### REQUIRED WORK:
Please set down the records below exactly as they appear.

### SUPPLIED RECORDS:
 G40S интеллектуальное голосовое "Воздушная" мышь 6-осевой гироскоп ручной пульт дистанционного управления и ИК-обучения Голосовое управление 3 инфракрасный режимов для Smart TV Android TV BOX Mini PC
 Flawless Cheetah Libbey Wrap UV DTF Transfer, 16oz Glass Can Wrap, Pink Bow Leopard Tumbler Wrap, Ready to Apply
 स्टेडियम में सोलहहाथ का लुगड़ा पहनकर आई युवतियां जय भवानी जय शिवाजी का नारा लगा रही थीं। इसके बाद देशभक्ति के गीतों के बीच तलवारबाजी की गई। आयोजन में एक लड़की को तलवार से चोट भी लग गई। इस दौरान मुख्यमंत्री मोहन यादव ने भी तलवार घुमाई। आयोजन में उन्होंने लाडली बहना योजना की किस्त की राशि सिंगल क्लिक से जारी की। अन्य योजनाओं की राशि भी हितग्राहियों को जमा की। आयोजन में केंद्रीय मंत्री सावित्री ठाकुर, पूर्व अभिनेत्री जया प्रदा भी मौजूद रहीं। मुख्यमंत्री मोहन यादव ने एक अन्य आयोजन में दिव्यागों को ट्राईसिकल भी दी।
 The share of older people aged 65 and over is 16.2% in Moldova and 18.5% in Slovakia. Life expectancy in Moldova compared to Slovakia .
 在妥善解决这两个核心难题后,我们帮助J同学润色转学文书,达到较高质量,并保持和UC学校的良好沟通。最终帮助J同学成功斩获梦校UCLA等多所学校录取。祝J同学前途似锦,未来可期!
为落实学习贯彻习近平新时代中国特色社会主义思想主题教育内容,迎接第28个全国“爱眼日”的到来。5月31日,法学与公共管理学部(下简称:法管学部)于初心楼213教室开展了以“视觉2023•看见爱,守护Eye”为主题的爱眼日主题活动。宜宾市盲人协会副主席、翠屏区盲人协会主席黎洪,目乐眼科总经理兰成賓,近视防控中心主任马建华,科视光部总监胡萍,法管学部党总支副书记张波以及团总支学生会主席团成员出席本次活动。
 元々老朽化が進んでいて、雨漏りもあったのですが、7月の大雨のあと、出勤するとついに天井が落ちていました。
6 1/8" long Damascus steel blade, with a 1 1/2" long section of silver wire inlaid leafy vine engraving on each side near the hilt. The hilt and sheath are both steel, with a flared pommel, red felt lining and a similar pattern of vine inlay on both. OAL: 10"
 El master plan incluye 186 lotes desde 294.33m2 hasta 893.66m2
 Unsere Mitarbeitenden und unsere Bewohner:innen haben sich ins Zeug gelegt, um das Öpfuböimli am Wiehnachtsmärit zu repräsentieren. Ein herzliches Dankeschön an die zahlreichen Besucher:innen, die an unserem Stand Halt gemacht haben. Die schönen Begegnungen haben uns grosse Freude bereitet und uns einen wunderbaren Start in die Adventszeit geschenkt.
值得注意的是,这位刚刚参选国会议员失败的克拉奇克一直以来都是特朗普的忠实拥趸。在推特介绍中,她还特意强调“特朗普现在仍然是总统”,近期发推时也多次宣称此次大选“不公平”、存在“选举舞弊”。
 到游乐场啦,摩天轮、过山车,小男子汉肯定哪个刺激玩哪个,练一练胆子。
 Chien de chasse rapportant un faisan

### WRITTEN ANSWER:
 G40S интеллектуальное голосовое "Воздушная" мышь 6-осевой гироскоп ручной пульт дистанционного управления и ИК-обучения Голосовое управление 3 инфракрасный режимов для Smart TV Android TV BOX Mini PC
 Flawless Cheetah Libbey Wrap UV DTF Transfer, 16oz Glass Can Wrap, Pink Bow Leopard Tumbler Wrap, Ready to Apply
 स्टेडियम में सोलहहाथ का लुगड़ा पहनकर आई युवतियां जय भवानी जय शिवाजी का नारा लगा रही थीं। इसके बाद देशभक्ति के गीतों के बीच तलवारबाजी की गई। आयोजन में एक लड़की को तलवार से चोट भी लग गई। इस दौरान मुख्यमंत्री मोहन यादव ने भी तलवार घुमाई। आयोजन में उन्होंने लाडली बहना योजना की किस्त की राशि सिंगल क्लिक से जारी की। अन्य योजनाओं की राशि भी हितग्राहियों को जमा की। आयोजन में केंद्रीय मंत्री सावित्री ठाकुर, पूर्व अभिनेत्री जया प्रदा भी मौजूद रहीं। मुख्यमंत्री मोहन यादव ने एक अन्य आयोजन में दिव्यागों को ट्राईसिकल भी दी।
 The share of older people aged 65 and over is 16.2% in Moldova and 18.5% in Slovakia. Life expectancy in Moldova compared to Slovakia .
 在妥善解决这两个核心难题后,我们帮助J同学润色转学文书,达到较高质量,并保持和UC学校的良好沟通。最终帮助J同学成功斩获梦校UCLA等多所学校录取。祝J同学前途似锦,未来可期!
为落实学习贯彻习近平新时代中国特色社会主义思想主题教育内容,迎接第28个全国“爱眼日”的到来。5月31日,法学与公共管理学部(下简称:法管学部)于初心楼213教室开展了以“视觉2023•看见爱,守护Eye”为主题的爱眼日主题活动。宜宾市盲人协会副主席、翠屏区盲人协会主席黎洪,目乐眼科总经理兰成賓,近视防控中心主任马建华,科视光部总监胡萍,法管学部党总支副书记张波以及团总支学生会主席团成员出席本次活动。
 元々老朽化が進んでいて、雨漏りもあったのですが、7月の大雨のあと、出勤するとついに天井が落ちていました。
6 1/8" long Damascus steel blade, with a 1 1/2" long section of silver wire inlaid leafy vine engraving on each side near the hilt. The hilt and sheath are both steel, with a flared pommel, red felt lining and a similar pattern of vine inlay on both. OAL: 10"
 El master plan incluye 186 lotes desde 294.33m2 hasta 893.66m2
 Unsere Mitarbeitenden und unsere Bewohner:innen haben sich ins Zeug gelegt, um das Öpfuböimli am Wiehnachtsmärit zu repräsentieren. Ein herzliches Dankeschön an die zahlreichen Besucher:innen, die an unserem Stand Halt gemacht haben. Die schönen Begegnungen haben uns grosse Freude bereitet und uns einen wunderbaren Start in die Adventszeit geschenkt.
值得注意的是,这位刚刚参选国会议员失败的克拉奇克一直以来都是特朗普的忠实拥趸。在推特介绍中,她还特意强调“特朗普现在仍然是总统”,近期发推时也多次宣称此次大选“不公平”、存在“选举舞弊”。
 到游乐场啦,摩天轮、过山车,小男子汉肯定哪个刺激玩哪个,练一练胆子。
 Chien de chasse rapportant un faisan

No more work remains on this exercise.